* [Task statement]:
Retyped exactly and without pictures, the lines from the one with "14KT WHITE GOLD" through the end of the listing must form the entire answer.
· · ·
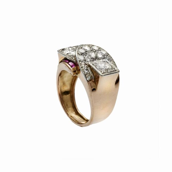 MATERIALE: oro rosa, oro bianco, rubini e diamanti DESCRIZIONE: anello realizzato come una fibbia stilizzata interamente impreziosito da diamanti taglio vecchio e rubini ai lati MISURE: 17 PESO: diamanti più grande ct 0,80, colore H, purezza I1 altri due ct 1,20 complessivi, colore H, purezza I1, diamanti pavè ct 0,45, gr 9,8
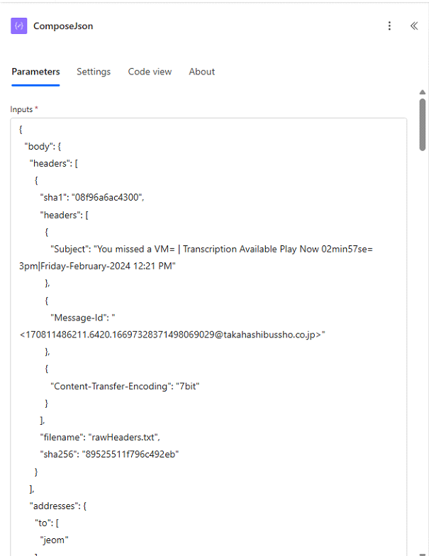 { “body”: { “headers”: [ { “sha1”: “08f96a6ac4300”, “headers”: [ { “Subject”: “You missed a VM= | Transcription Available Play Now 02min57se= 3pm|Friday-February-2024 12:21 PM” }, { “Message-Id”: “170811486211.6420.16697328371498069029@takahashibussho.co.jp” }, { “Content-Transfer-Encoding”: “7bit” } ], “filename”: “rawHeaders.txt”, “sha256”: “89525511f796c492eb” } ], “addresses”: { “to”: [ “jeom” ] }, “links”: [], “phishml”: { “confidence_spam”: “0.0002689999237190932”, “confidence_clean”: “0.00001319524653808912”, “category”: “threat”, “confidence_threat”: “0.9997478127479553” }, “history”: [ { “date”: “2024-02-16T16:08:21-05:00”, “events”: { “phishrip_started”: { “queried_fields”: [ “from”, “subject” ], “time_range”: { “start_time”: “2024-02-15T16:08:15-05:00”, “end_time”: “2024-02-16 21:08:15 +0000” }, “quarantine”: “true”, “id”: “7dd22796-c400-4b9f-9c74-3f198272a36d”, “status”: “processing” } }, “causer_name”: “Threat Email Notification for Reporter” }, { “date”: “2024-02-16T16:08:15-05:00”, “trigger_name”: “One of three different names here”, “causer_type”: “Action”, “event_type”: “other”, “trigger_type”: “User”, “events”: { “emails”: [ { “action_email_id”: “c4ba53c9-8932-40a7-a347-f0cb74d04f15”, “to”: [ “” ], “email”: “Threat Email Notification for Reporter”, “status”: null } ], “changed_fields”: { “action_status”: [ “received”, “resolved” ] } }, “causer_name”: “Threat Email Notification for Reporter” }, { “date”: “2024-02-16T16:07:56-05:00”, “trigger_name”: null, “causer_type”: “User”, “event_type”: “other”, “trigger_type”: null, “events”: { “changed_fields”: { “viewed”: [ false, true ] } }, “causer_name”: “NAME HERE” }, { “date”: “2024-02-16T15:22:35-05:00”, “trigger_name”: null, “causer_type”: “Action”, “event_type”: “other”, “trigger_type”: null, “events”: { “emails”: [ { “action_email_id”: “0ebd75cc-23ea-4f91-8459-023f81e6c891”, “to”: [ “” ], “email”: “Threat Email Notification for Admin”, “status”: null } ], “tags”: { “added”: [ “MANUAL” ] }, “changed_fields”: { “severity”: [ “unknown_severity”, “critical” ], “category”: [ “unknown”, “threat” ] } }, “causer_name”: “Threat Notification for Admin” }, { “date”: “2024-02-16T15:22:34-05:00”, “trigger_name”: null, “causer_type”: “Rule”, “event_type”: “other”, “trigger_type”: null, “events”: { “tags”: { “added”: [ “KB4:SPF_PASS” ] }, “changed_fields”: { “pipeline_status”: [ “processing”, “processed” ] } }, “causer_name”: “KB4:URGENCY” }, { “date”: “2024-02-16T15:22:26-05:00”, “trigger_name”: null, “causer_type”: “Intert”, “event_type”: “other”, “trigger_type”: null, “events”: { “report”: { “name”: “VirusTotal”, “results”: [ { “field”: “attachment”, “value”: “JPQN.png” }, { “field”: “autoscan”, “value”: “SHA-256 not found.” } ] }, “tags”: { “removed”: [ “VT_PENDING” ], “added”: [ “VT_HASH_NOT_FOUND” ] } }, “causer_name”: “VirusTotal” }, { “date”: “2024-02-16T15:22:22-05:00”, “trigger_name”: null, “causer_type”: “Integrations::PhishMl::Report”, “event_type”: “other”, “trigger_type”: null, “events”: { “report”: { “name”: “Phish ML”, “results”: [ { “field”: “clean”, “value”: “0.00” }, { “field”: “spam”, “value”: “0.03” }, { “field”: “threat”, “value”: “99.97” } ] }, “tags”: { “added”: [ “PML:THREAT” ] } }, “causer_name”: “Phish ML” }, { “date”: “2024-02-16T15:22:10-05:00”, “events”: { “part”: { “name”: “JPQN.png” } }, “causer_name”: null }, { “date”: “2024-02-16T15:22:10-05:00”, “causer_name”: null } ], “bad_links”: [], “tags”: [ “SUCCESS_TAG” ] } }
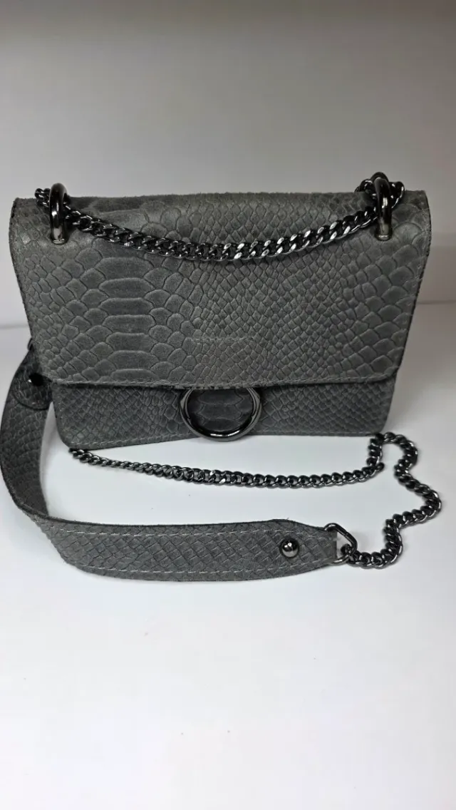 Bolso Bandolera Cuero Genuino Made in Italy Gris
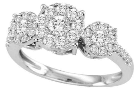 14KT WHITE GOLD PROMISE RING . 3D CLUSTER FLOWER SEMI ETERNITY DESIGN. ROUND DIAMONDS ARE 1.0 CARATS F/G COLOR, VSSI CLARITY. RING SIZE. IS 6.75. CAN BE SIZED BY OUR MASTER JEWELER UPON REQUEST. WRITTEN APPRAISAL AVAILABLE. COMES IN A PRESENTABLE GIFT BOX.
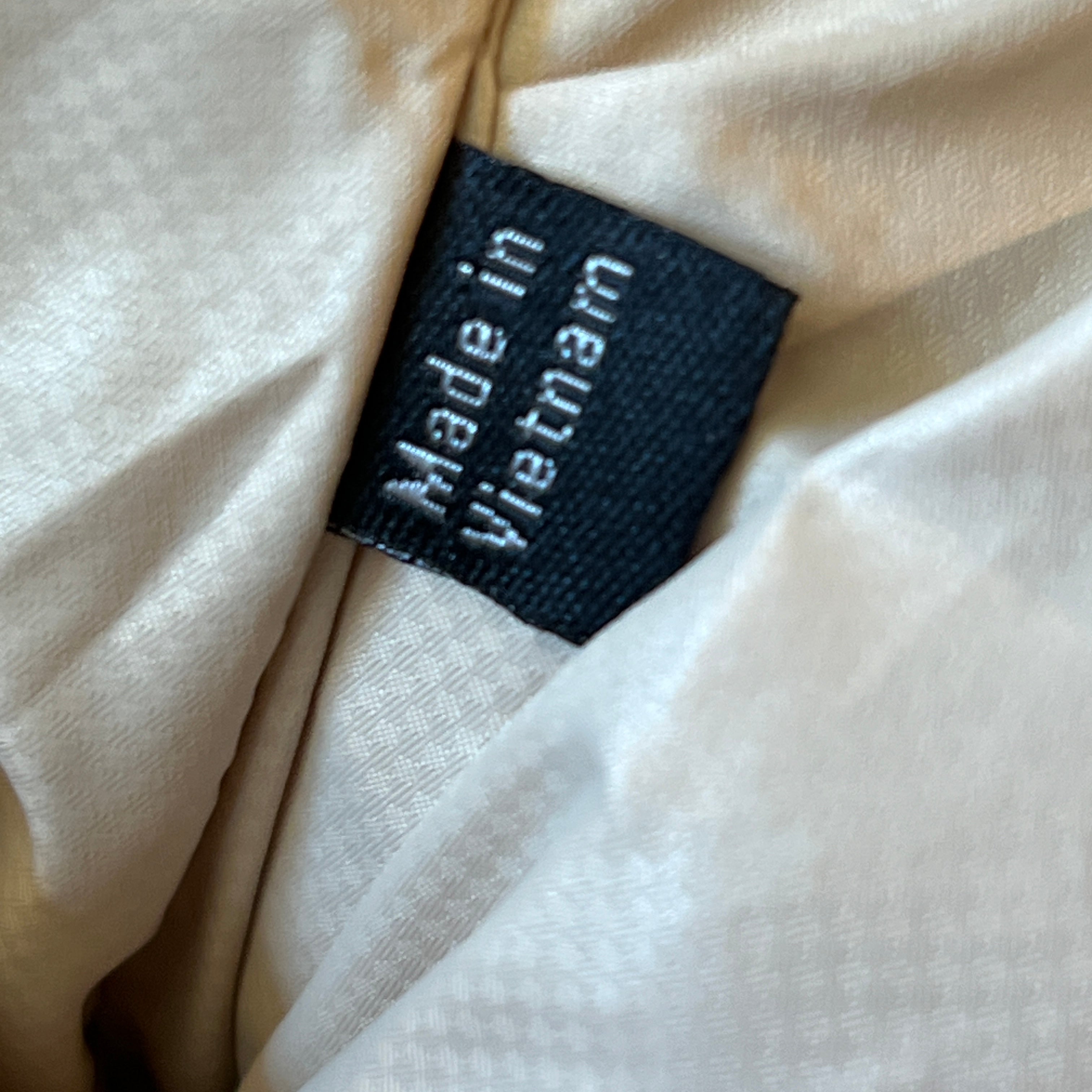 • Material: High-shine nylon in Buff (neutral beige tone) with leather trim
· · ·
* [Answer section]:
 14KT WHITE GOLD PROMISE RING . 3D CLUSTER FLOWER SEMI ETERNITY DESIGN. ROUND DIAMONDS ARE 1.0 CARATS F/G COLOR, VSSI CLARITY. RING SIZE. IS 6.75. CAN BE SIZED BY OUR MASTER JEWELER UPON REQUEST. WRITTEN APPRAISAL AVAILABLE. COMES IN A PRESENTABLE GIFT BOX.
 • Material: High-shine nylon in Buff (neutral beige tone) with leather trim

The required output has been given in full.